# [Description of the task]
Pictures in the entries below are to be left out; otherwise, reproduce exactly the lines from the first through the line containing "这 sn74lvc16374 是 表征 用于 操作 从 –40".

******************************

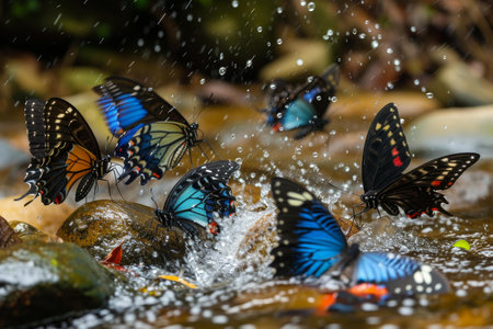 Vibrant butterflies gather on wet stones, basking in natures shower amidst a tranquil backdrop
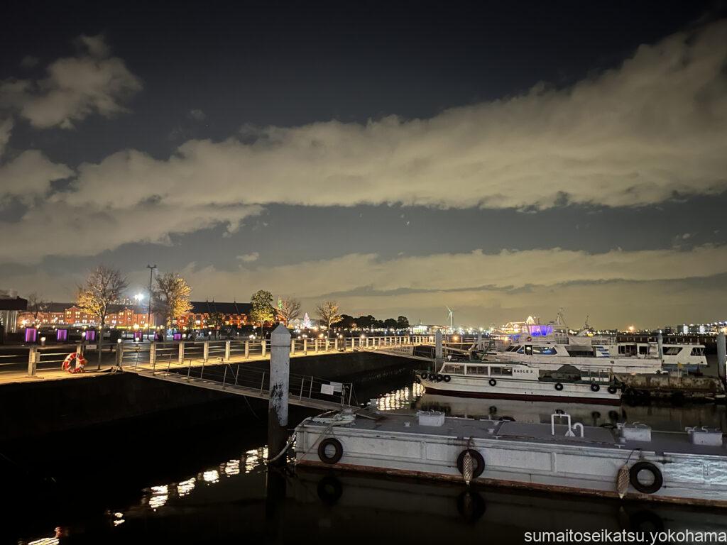 ここはライトアップこそ控えめですが、大さん橋や赤レンガ倉庫、みなとみらいの夜景を一望できる絶好のビュースポット。静かに夜景を楽しみたい人には最高の場所です。
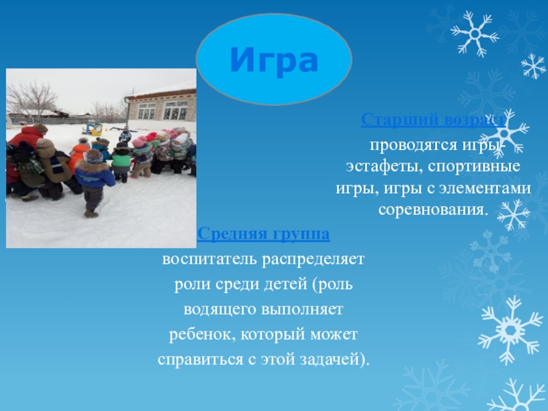 Средняя группа воспитатель распределяет роли среди детей (роль водящего выполняет ребенок, который может справиться с этой задачей).
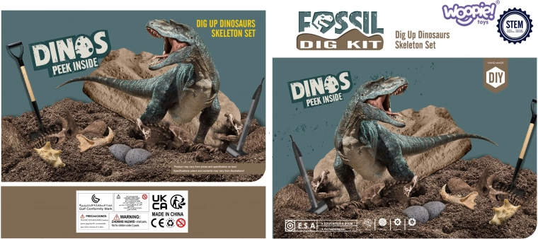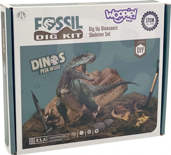 Geweldig cadeau voor kinderen die van dinosauriërs houden! De opgraafset van het merk WOOPIE maakt het mogelijk om dinosaurus skeletten te ontdekken en op te graven, en stimuleert de interesse in paleontologie en wetenschap.
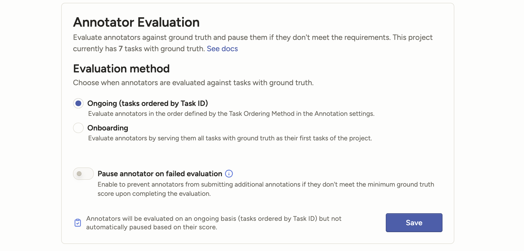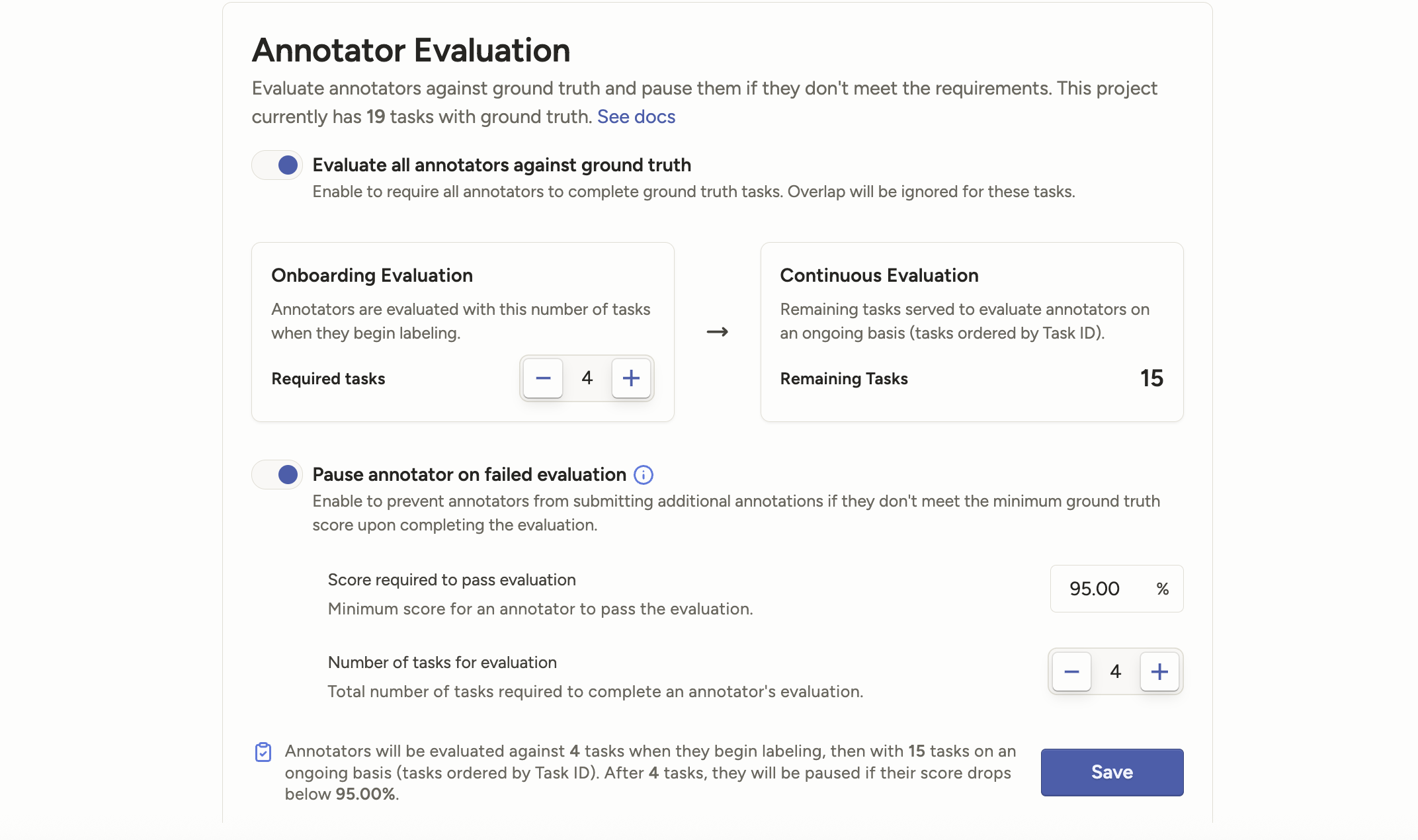 The Annotator Evaluation feature been improved to include a more robust ongoing evaluation functionality and improved clarity within the UI.
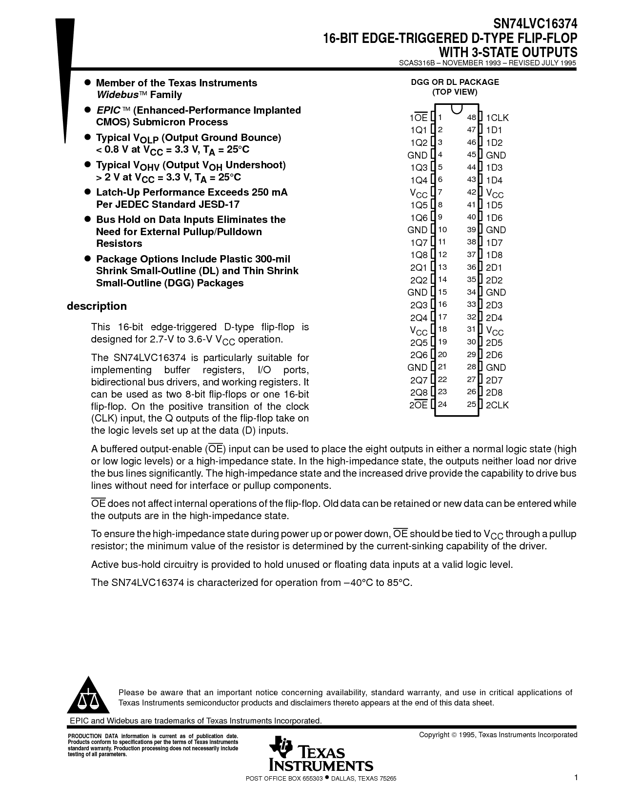 这 sn74lvc16374 是 表征 用于 操作 从 –40
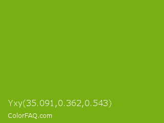 Yxy 35.091,0.362,0.543 Color is a normal green color and the nearest color is Lima #76bd17. Hex code #78b013 and RGB value is rgb(120,176,19). In RGB color space, this color is composed of 47% red, 69% green, 7% blue, In CMYK color space, this color is composed of 32% cyan, 0% magenta, 89% yellow , 31% black , In HSL color space, this color has a hue angle of 81° , 81% saturation and 38% lightness.
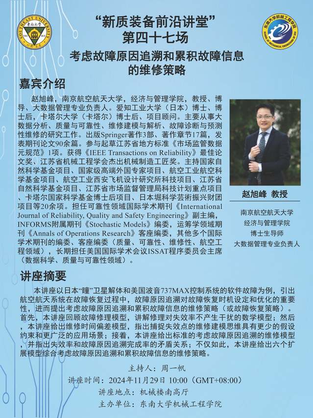 赵旭峰,南京航空航天大学,经济与管理学院,教授、博导、大数据管理专业负责人。爱知工业大学(日本)博士、博士后,卡塔尔大学(卡塔尔)博士后、项目顾问。主要从事大数据分析、质量与可靠性、维修建模与解析、故障诊断与预测性维修的研究工作。出版Springer著作3部、著作章节17篇,发表期刊论文90余篇。参与起草江苏省地方标准《市场监管数据元规范》1项。获得《IEEE Transactions on Reliability》最佳论文奖、江苏省机械工程学会杰出机械制造工匠奖。主持国家自然科学基金项目、国家级高端外国专家项目、航空工业航空科学基金项目、航空工业西安飞机设计研究所科技项目、江苏省自然科学基金项目、江苏省市场监督管理局科技计划重点项目、卡塔尔国家科学基金博士后项目、日本堀科学芸術振兴财团项目等20余项。担任可靠性领域国际学术期刊《International Journal of Reliability, Quality and Safety Engineering》副主编,INFORMS附属期刊《Stochastic Models》编委,运筹学领域期刊《Annals of Operations Research》客座编委,其他多个国际学术期刊的编委、客座编委(质量、可靠性、维修性、航空工程领域),长期担任美国国际学术会议ISSAT程序委员会主席(数据科学、质量与可靠性领域)。
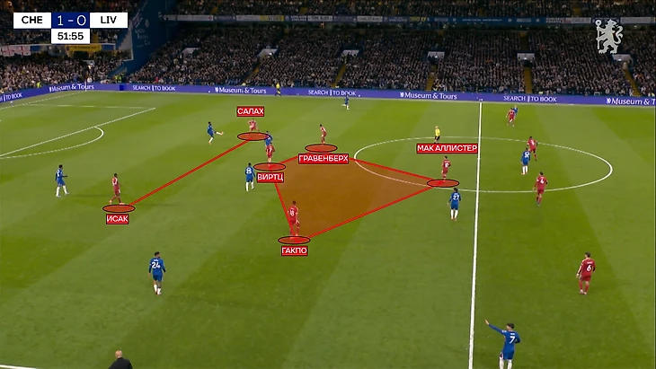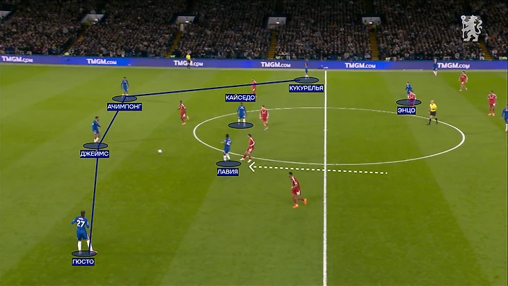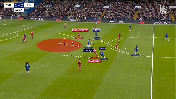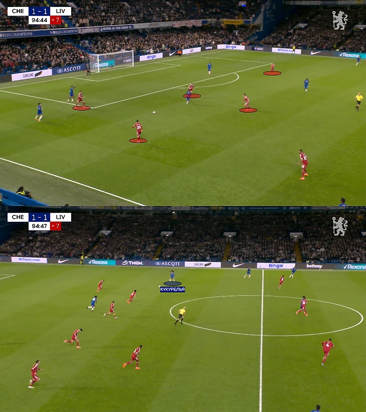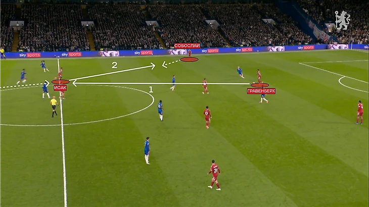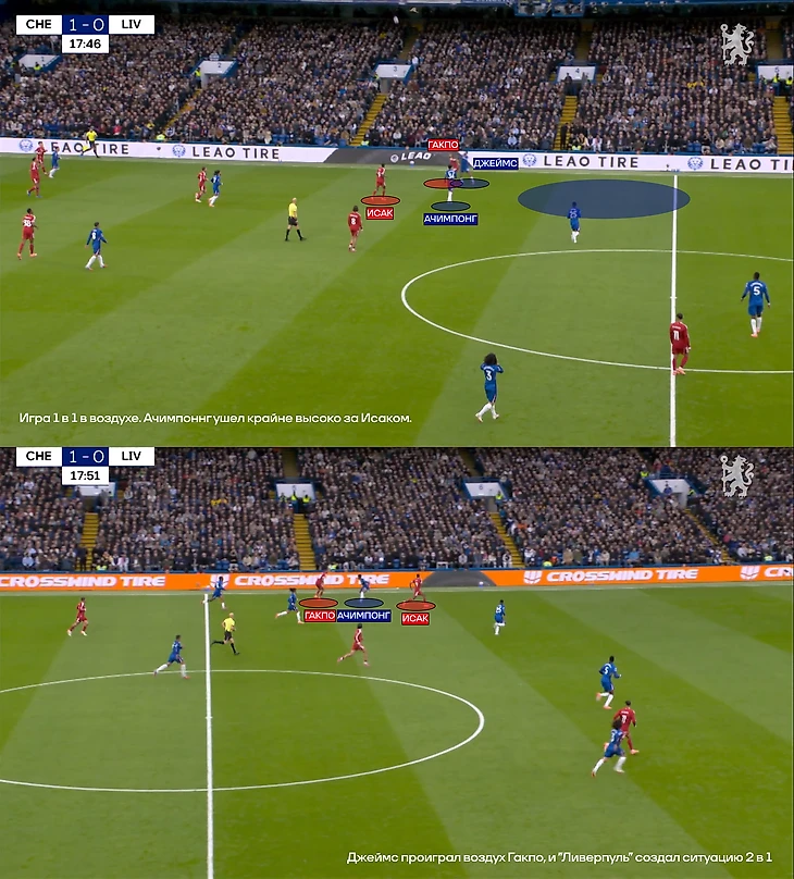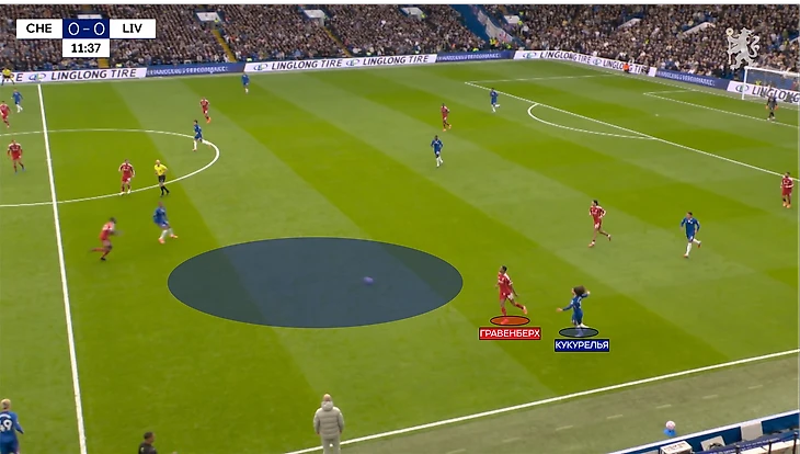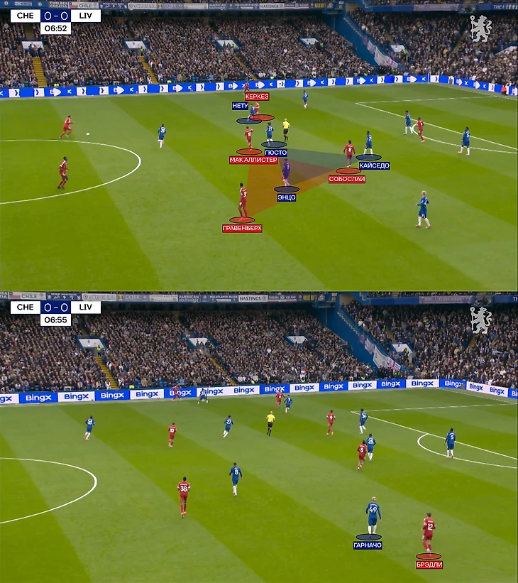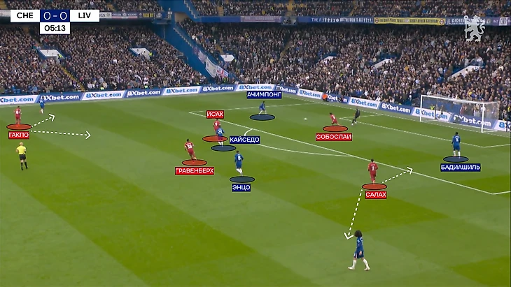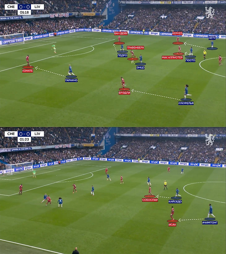 В этом матче «синие» поставили все на персональный прессинг в защите на чужой половине поля. Против билдапа «Ливерпуля» 4+1, «Челси» также выстроил блок из пяти футболистов. Но на этом персоналка н заканчивалась. До талого за Собослаи шел Кайседо, а за Исаком в первом тайме следил Ачимпонг. Вне кадра остались Салах и Гакпо, но по ним также персонально работали Джеймс и Бадиашиль.

******************************

# [Exercise result]
 Vibrant butterflies gather on wet stones, basking in natures shower amidst a tranquil backdrop
 ここはライトアップこそ控えめですが、大さん橋や赤レンガ倉庫、みなとみらいの夜景を一望できる絶好のビュースポット。静かに夜景を楽しみたい人には最高の場所です。
 Средняя группа воспитатель распределяет роли среди детей (роль водящего выполняет ребенок, который может справиться с этой задачей).
 Geweldig cadeau voor kinderen die van dinosauriërs houden! De opgraafset van het merk WOOPIE maakt het mogelijk om dinosaurus skeletten te ontdekken en op te graven, en stimuleert de interesse in paleontologie en wetenschap.
 The Annotator Evaluation feature been improved to include a more robust ongoing evaluation functionality and improved clarity within the UI.
 这 sn74lvc16374 是 表征 用于 操作 从 –40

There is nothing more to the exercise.